If it hadn't been for the limit on total results, I suppose it would have been
discarded due to the limit on success results.

Please don't interpret this as a plea to have my credits granted -- I've got plenty already. It just seems a shame to discard that work.

____________

dcdc Profile

Joined: Nov 3 05
Posts: 1160
ID: 8948
Credit: 3,331,476
RAC: 3,636
Message 41052 - Posted 16 May 2007 7:30:38 UTC

I don't think it means that too many were returned (although it suggests that!)- it looks like there's an error in the task:

<core_client_version>5.2.8</core_client_version>
<message>process got signal 5
</message>
<stderr_txt>
dyld: rosetta_5.62_powerpc-apple-darwin Undefined symbols:
rosetta_5.62_powerpc-apple-darwin undefined reference to ___cxa_atexit expected to be defined in /usr/lib/libSystem.B.dylib

</stderr_txt>

Danny
____________

Mod.Sense
Forum moderator
Project administrator

Joined: Aug 22 06
Posts: 2200
ID: 106194
Credit: 0
RAC: 0
Message 41065 - Posted 16 May 2007 13:47:28 UTC

dcdc is looking at the first result, the one that did receive an error. tng's result is this one which was sent to them just 14min. after the deadline was missed.
____________
Rosetta Moderator: Mod.Sense

dcdc Profile

Joined: Nov 3 05
Posts: 1160
ID: 8948
Credit: 3,331,476
RAC: 3,636
Message 41067 - Posted 16 May 2007 14:24:02 UTC

i looked at the wrong task - my bad!
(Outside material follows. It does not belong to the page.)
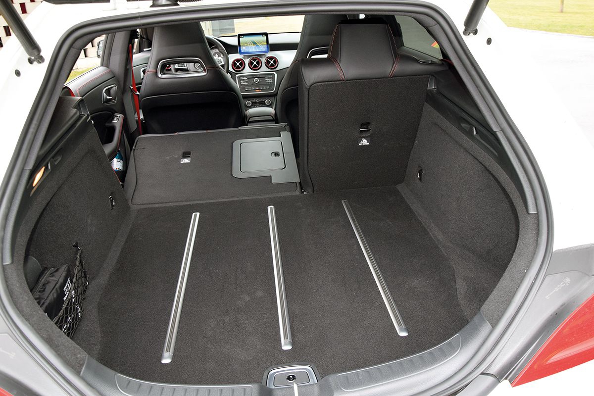 Kombi Mercedesa wykorzystuje płytę podłogową znaną z klasy A. Ma ten sam rozstaw osi wynoszący 270 cm, a dodatkowe 34 centymetry znajdziemy jedynie na tylnym zwisie. Samochód ma długość 463 cm, czyli taką jak wariant czterodrzwiowy. Kompaktowy Shooting Brake przyciąga uwagę wyrazistymi i dynamicznymi kształtami nadwozia. I co ważne, jest od swojego czterodrzwiowego brata bardziej proporcjonalny. Wygląd nowego modelu budzi skojarzenia ze znacznie większym CLS-em. Priorytetem twórców wariantu CLA Shooting Brake była stylistyka a nie praktyczność, na co wskazuje np. mocno opadająca ku tyłowi linia dachu oraz klapa tylna ustawiona pod bardzo dużym kątem. Wróży to niewielką kubaturę ładunkową i małą przestrzeń dla pasażerów z tyłu. Bagażnik w nowym wariancie jest niewiele większy niż w klasycznym CLA – 495 litrów to o 25 l więcej niż w sedanie. Wyraźnie jednak Shooting Brake zyskuje jeśli złożymy oparcia foteli w drugim rzędzie. Wówczas do dyspozycji mamy 1354 litry oraz płaską powierzchnię przewozową. Jak na kombi segmentu C jest to wynik skromny. Szkoda też, że dolna krawędź załadunku jest zbyt wąska. Warto dodać, że producent zamontował bezramkowe drzwi, które dotąd były przywilejem głównie dwudrzwiowych samochodów coupé.

But tng's task does say:

Report deadline 24 May 2007 1:28:45 UTC

which hasn't been reached yet, but it also says

Validate state: Workunit error - check skipped

____________

tng

Joined: Oct 28 05
Posts: 14
ID: 7187
Credit: 5,245,667
RAC: 774
Message 41084 - Posted 17 May 2007 0:04:54 UTC - in response to Message ID 41067.

i looked at the wrong task - my bad! But tng's task does say:

Report deadline 24 May 2007 1:28:45 UTC

which hasn't been reached yet, but it also says

Validate state: Workunit error - check skipped


On the workunit display it says:

errors Too many total results

I'm presuming that this is the "Workunit error" referred to, and relates to the

max # of error/total/success results 1, 2, 1

line just above it. What's annoying is that I'm using a 24-hr runtime on my
machines, in order to spare the project servers frequent updates and hopefully increase the amount of real science by reducing the overhead, but this would seem to have resulted in my machine's work being discarded.

I don't know what the project's exact requirements are, but I would think that
a delay in reissuing results which miss deadlines might prevent this sort of
thing. Up to the project to make such decisions, of course.
____________

Greg_BE Profile
Avatar

Joined: May 30 06
Posts: 4185
ID: 85645
Credit: 618,929
RAC: 342
Message 41322 - Posted 22 May 2007 20:27:40 UTC

from problems with 5.64 thread:

3) So user 2 just wasted a bunch of CPU time and got no credit for it and missed getting credit for another work unit that he could have been doing in that time? that sounds a bit unfair, but i guess thats the breaks.

1) Work Unit ID 70636999. My computer completed the work and returned the results and recieved granted credit of 0.00 for over 9228 seconds of work. Another computer received 29.25 credit granted for this workunit. What goes on ?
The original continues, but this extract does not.